Identification and development of new enzymes

The confusing interplay of other proteins and chemicals serves as the basis for most biological activities that require the involvement of enzymes, specialized molecules to increase the chemical reactions between them. molecule.

Danh Phuong

The confusing interplay of other proteins and chemicals serves as the basis for most biological activities that require the involvement of enzymes, specialized molecules to increase the chemical reactions between them. molecule.

In the August 16 issue of Nature , two researchers at Massachusetts General Hospital described a method for making strange enzymes that for the first time did not require a precise knowledge of the How enzymes work.

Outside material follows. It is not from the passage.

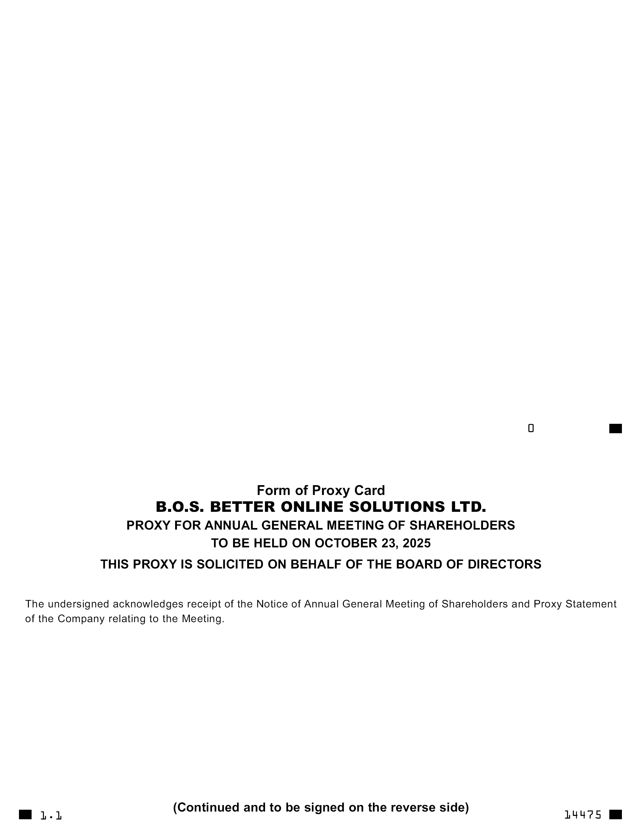 Form of Proxy Card B.O.S. BETTER ONLINE SOLUTIONS LTD. PROXY FOR ANNUAL GENERAL MEETING OF SHAREHOLDERS TO BE HELD ON OCTOBER 23, 2025 THIS PROXY IS SOLICITED ON BEHALF OF THE BOARD OF DIRECTORS The undersigned acknowledges receipt of the Notice of Annual General Meeting of Shareholders and Proxy Statement of the Company relating to the Meeting. 14475 (Continued and to be signed on the reverse side) 1.1

"Until now, the only source of enzymes was biology," said Jack Szostak, lead author of the Department of Molecular Biology at Massachusetts General Hospital . Great efforts are approaching the revision and improvement of these natural enzymes, and our work demonstrates the potential of fully evolving the new enzyme in the laboratory. '

Picture 1 of Identification and development of new enzymes
(Artwork: Search) Szostak and his co-author Dr. Burckhard Seelig used a new technique called exposing mRNA - previously developed in Szostak's laboratory - to allow identification and Development of proteins in accordance with specific standards. To create an enzyme that stimulates or catalyzes the junction of two RNA fragments in an unnatural way, they began by creating a library containing 4 trillion small proteins along with negligible changes. in their strings. At that time, each protein carries the fragments of RNA connected together, called the substrate .

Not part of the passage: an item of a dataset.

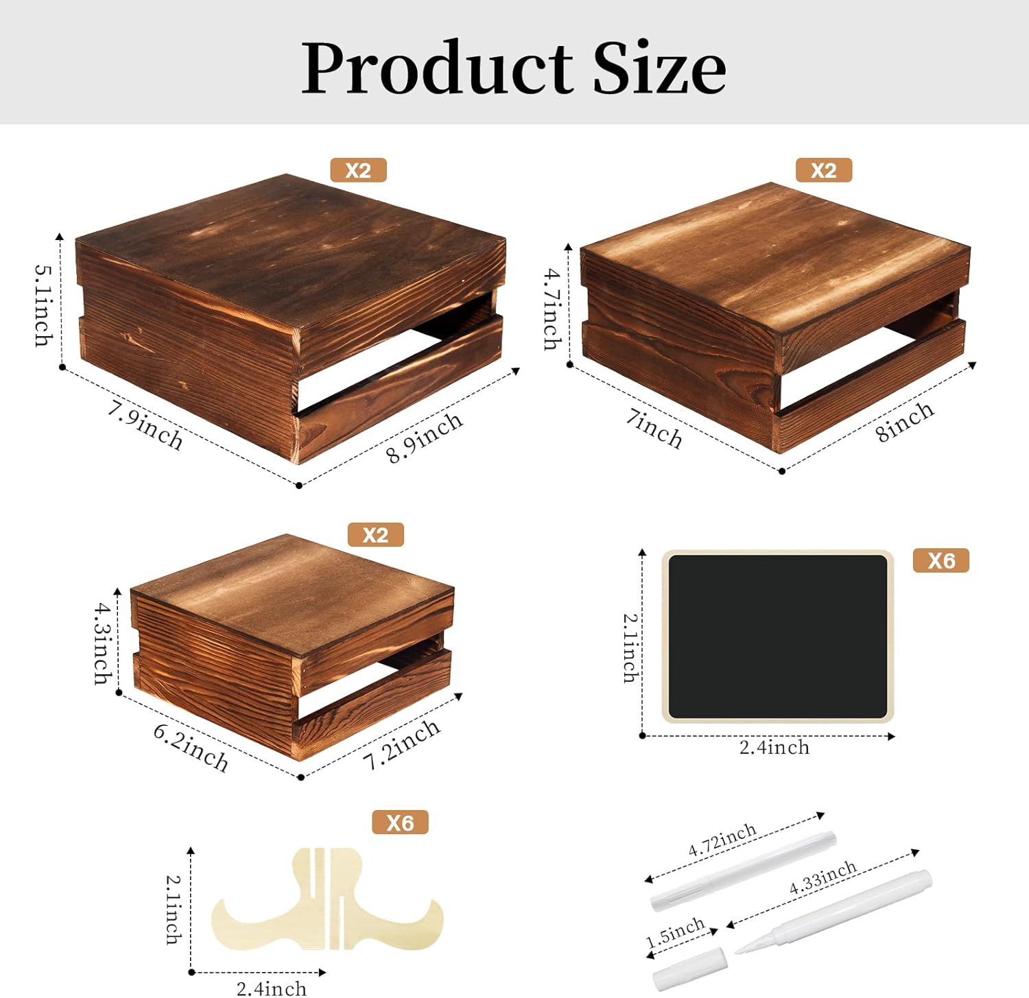 • Your Party's Sweet Companion: You will receive a set of 6 wooden cake stand risers (available in 3 sizes), 6 wooden signs and 2 pens, enough quantity and different sizes to meet the needs of different sizes of cakes, snacks and desserts for display. The wooden signs can be used to write down hints for ease of use while adding elegance to your dessert table.These wooden stackable display boxes will not take much displaying space

If a particular protein stimulates the RNA substrate to connect, resulting in significant results in a larger molecule, making the protein important, it is a true enzyme . The investigator could select larger strands of RNA, produce more enzymes, and repeat the experiment. Stimulation generates random mutations to produce different types of enzymes and reduces the time for coupling reactions, which helps the development of versions more effective by evolving as directed. .

Szostak noted that the final version of the enzyme they had created was too small and still unstable, but that was the starting point for sub-discovery strategies that could improve its performance. Similar mRNA display techniques can also identify enzymes that break or diminish their buffering molecules.

Szostak explains: 'We hope that this work based on this optimistic enzyme will prove that we can develop catalysts that work as well as naturally occurring enzymes. We also want to determine how the new 3D structure of the enzyme binds to a larger buffer and catalytic binding of two RNA strands. "

Szostak is also a professor of Genetics at Harvard Medical School, an investigator at Howard Hughes Medical Institute and a member of the Center for Integrated Biology. The study is supported by a grant from NASA's Space Biology Institute, and Seelig's somewhat supported by Deutsche Forschungsgemeinschaft's Emmy Noether-Programm program.